__RECORD EXTRACTS__

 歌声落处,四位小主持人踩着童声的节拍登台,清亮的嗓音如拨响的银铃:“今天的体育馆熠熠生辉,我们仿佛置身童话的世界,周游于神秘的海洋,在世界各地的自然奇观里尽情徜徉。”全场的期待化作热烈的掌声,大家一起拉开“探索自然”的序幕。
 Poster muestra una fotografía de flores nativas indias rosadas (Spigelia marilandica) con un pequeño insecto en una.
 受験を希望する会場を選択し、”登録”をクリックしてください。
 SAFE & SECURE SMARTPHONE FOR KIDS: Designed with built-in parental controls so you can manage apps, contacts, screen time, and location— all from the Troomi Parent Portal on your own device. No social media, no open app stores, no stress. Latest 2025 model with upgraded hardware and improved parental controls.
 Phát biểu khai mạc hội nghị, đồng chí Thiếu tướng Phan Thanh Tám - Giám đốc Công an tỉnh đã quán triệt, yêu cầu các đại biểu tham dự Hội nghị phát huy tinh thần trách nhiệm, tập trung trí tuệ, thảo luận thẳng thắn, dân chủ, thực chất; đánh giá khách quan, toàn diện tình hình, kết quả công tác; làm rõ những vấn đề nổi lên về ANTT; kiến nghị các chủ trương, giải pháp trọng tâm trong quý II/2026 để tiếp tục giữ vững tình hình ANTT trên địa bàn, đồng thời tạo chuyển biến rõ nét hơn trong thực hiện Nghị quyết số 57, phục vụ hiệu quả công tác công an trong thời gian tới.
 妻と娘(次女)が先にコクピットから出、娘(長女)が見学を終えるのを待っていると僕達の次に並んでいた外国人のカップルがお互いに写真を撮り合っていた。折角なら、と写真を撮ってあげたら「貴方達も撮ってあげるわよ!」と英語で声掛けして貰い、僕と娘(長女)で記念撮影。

---

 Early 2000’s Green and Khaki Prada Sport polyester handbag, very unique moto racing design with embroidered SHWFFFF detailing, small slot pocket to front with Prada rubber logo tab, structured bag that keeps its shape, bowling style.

---

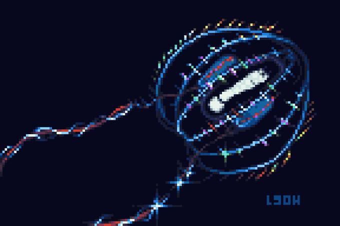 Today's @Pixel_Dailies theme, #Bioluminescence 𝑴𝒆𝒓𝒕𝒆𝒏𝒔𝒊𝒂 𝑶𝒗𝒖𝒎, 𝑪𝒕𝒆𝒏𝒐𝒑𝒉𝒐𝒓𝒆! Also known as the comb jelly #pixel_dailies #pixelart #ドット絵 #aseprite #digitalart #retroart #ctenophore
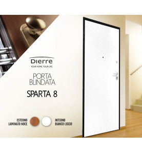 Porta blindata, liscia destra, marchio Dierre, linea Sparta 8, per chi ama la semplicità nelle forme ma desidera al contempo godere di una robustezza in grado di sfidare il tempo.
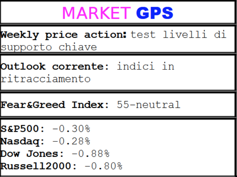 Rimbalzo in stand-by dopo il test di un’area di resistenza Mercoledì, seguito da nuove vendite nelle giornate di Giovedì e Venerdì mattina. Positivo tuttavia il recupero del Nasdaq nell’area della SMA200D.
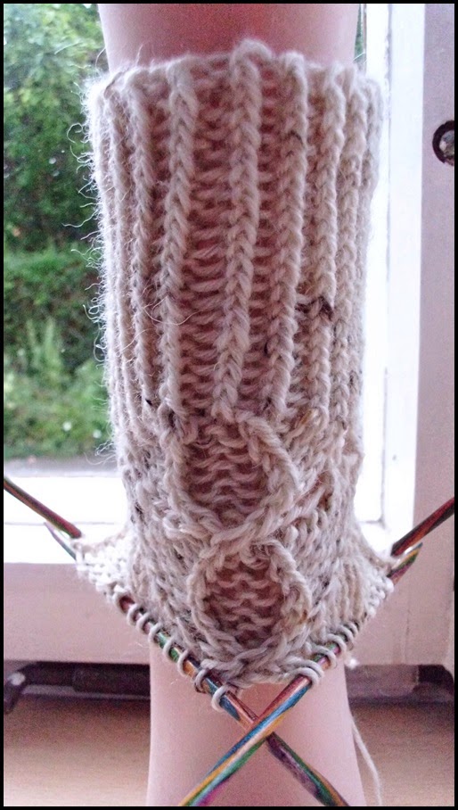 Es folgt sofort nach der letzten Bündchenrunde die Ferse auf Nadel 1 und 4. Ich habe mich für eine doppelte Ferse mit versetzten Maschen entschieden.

__WHAT IS BEING ASKED__
Each line of the listing above that includes the word "with" should be copied.

__EXERCISE OUTPUT__
 SAFE & SECURE SMARTPHONE FOR KIDS: Designed with built-in parental controls so you can manage apps, contacts, screen time, and location— all from the Troomi Parent Portal on your own device. No social media, no open app stores, no stress. Latest 2025 model with upgraded hardware and improved parental controls.
 Early 2000’s Green and Khaki Prada Sport polyester handbag, very unique moto racing design with embroidered SHWFFFF detailing, small slot pocket to front with Prada rubber logo tab, structured bag that keeps its shape, bowling style.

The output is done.